Graves' ophthalmopathy, also known as thyroid eye disease (TED), is an autoimmune inflammatory disorder of the orbit and periorbital tissues, characterized by upper eyelid retraction, lid lag, swelling, redness (erythema), conjunctivitis, and bulging eyes (exophthalmos). It occurs most commonly in individuals with Graves' disease, and less commonly in individuals with Hashimoto's thyroiditis, or in those who are euthyroid.
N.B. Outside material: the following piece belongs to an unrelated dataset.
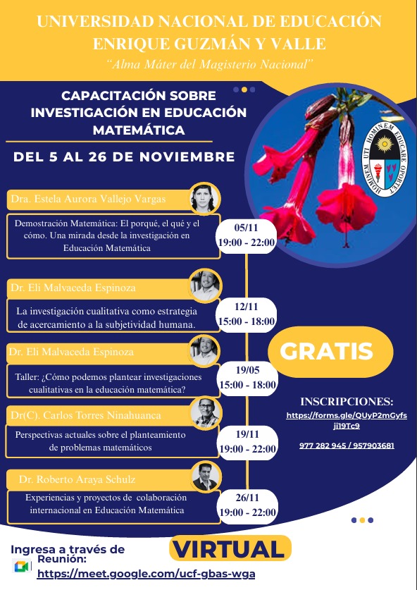 Capacitación docente – Inteligencia Artificial Aplicada Del 20 de octubre al 6 de noviembre Lunes y jueves – 7:00 p.m. a 10:00 p.m. Modalidad virtual (Google Meet): meet.google.com/jfd-iidp-ovw Ponente: Dr. Hugo David Calderón Vilca Organiza: Facultad de Ciencias – Escuela Leer más…
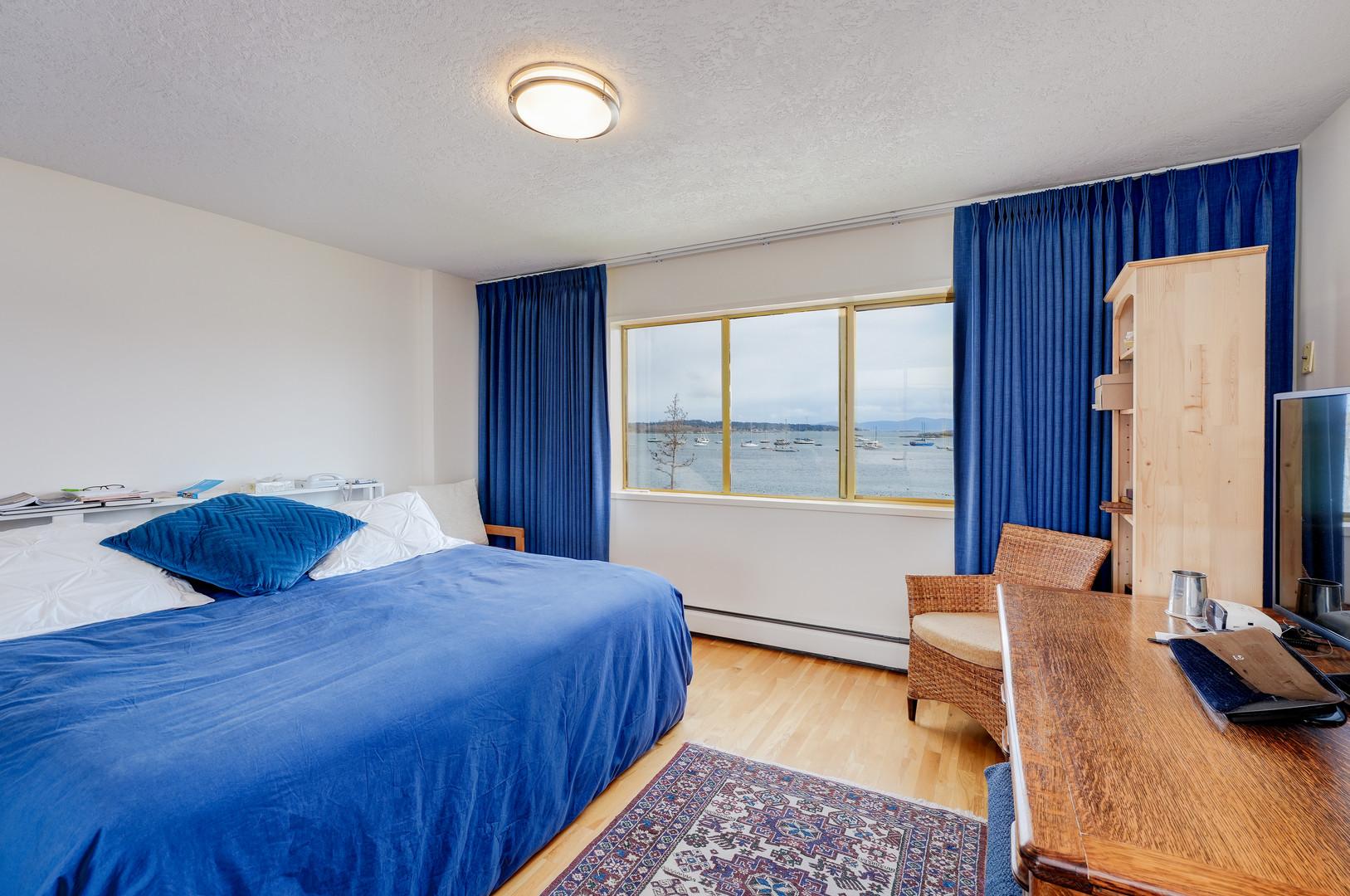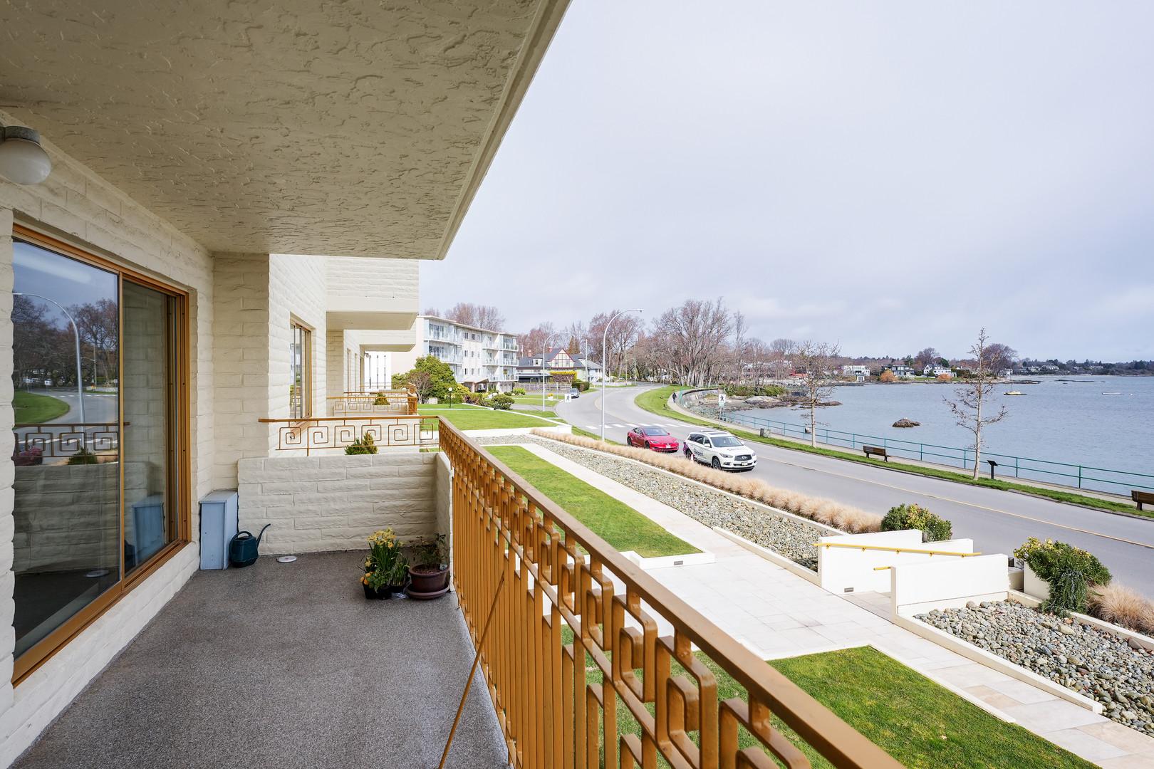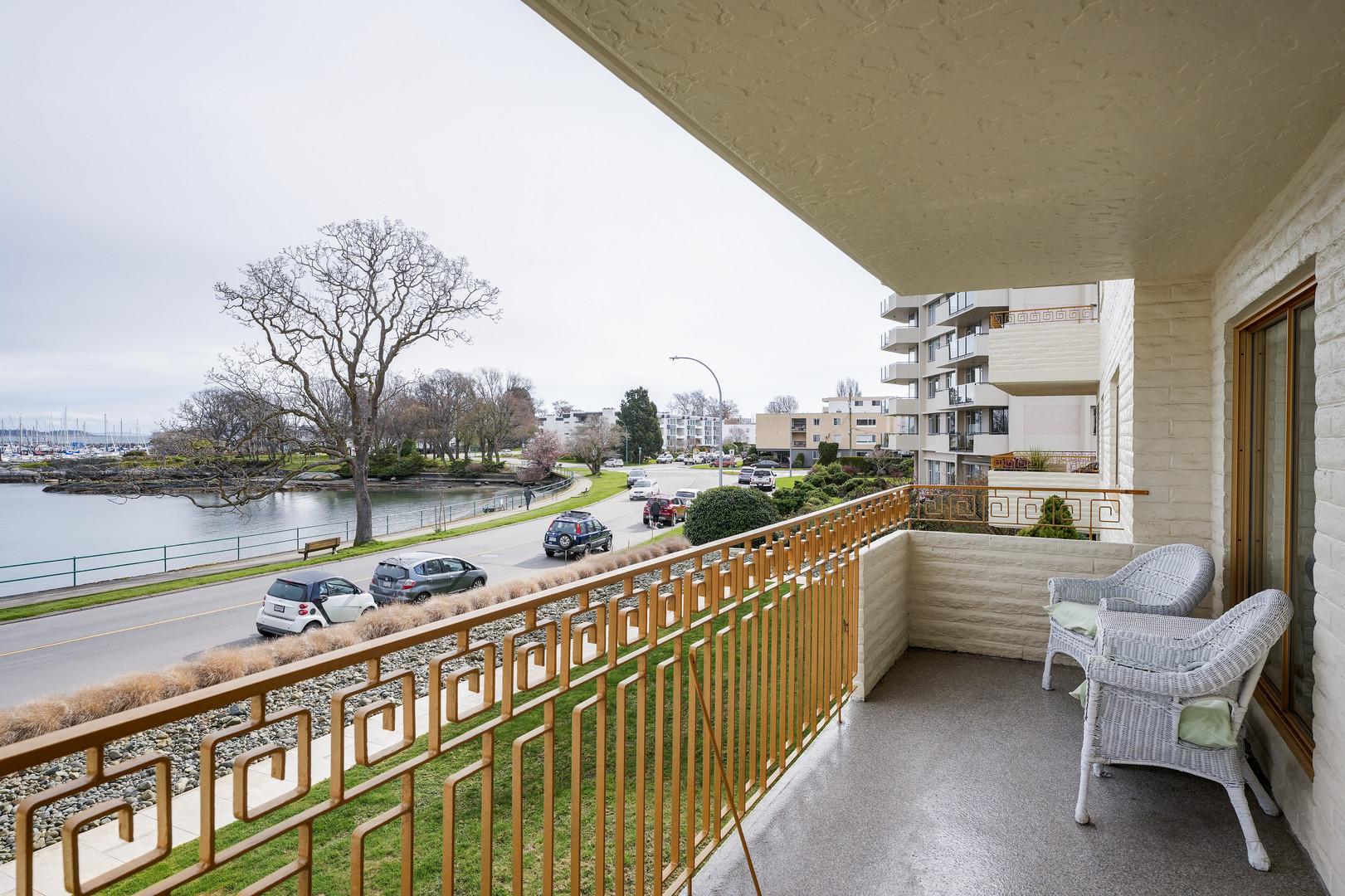 Endless 180 DEGREE OCEAN AND MOUNTAIN VIEWS are featured in this wonderful 1 bedroom and den or 2 bedroom, spacious condo suite, located in the highly desirable, well maintained building at 1440 Beach Drive in the very heart of South Oak Bay. Positioned just steps from the Oak Bay Marina, Windsor Park, Victoria Golf Course, Oak Bay Village and pleasant walking routes, this suite checks all the boxes when it comes to convenience and living alongside the oceanfront. This freehold strata building, built in concrete and steel in 1972, continues to stand the test of time, has been tastefully updated over the years and is managed with pride. Features include insuite laundry and storage, underground secure parking, a large living room and primary bedroom, wood floors, a large balcony, separate storage locker, secure entry, etc. Enjoy VIEWS OF THE OCEAN AND MOUNTAINS, BIRDS AND SEALIFE, BOATS PASSING BY….A most sought after home, perfect for those seeking A MAGICAL LIFESTYLE IN OAK BAY.

It is part of a systemic process with variable expression in the eyes, thyroid, and skin, caused by autoantibodies that bind to tissues in those organs. The autoantibodies target the fibroblasts in the eye muscles, and those fibroblasts can differentiate into fat cells (adipocytes). Fat cells and muscles expand and become inflamed. Veins become compressed and are unable to drain fluid, causing edema.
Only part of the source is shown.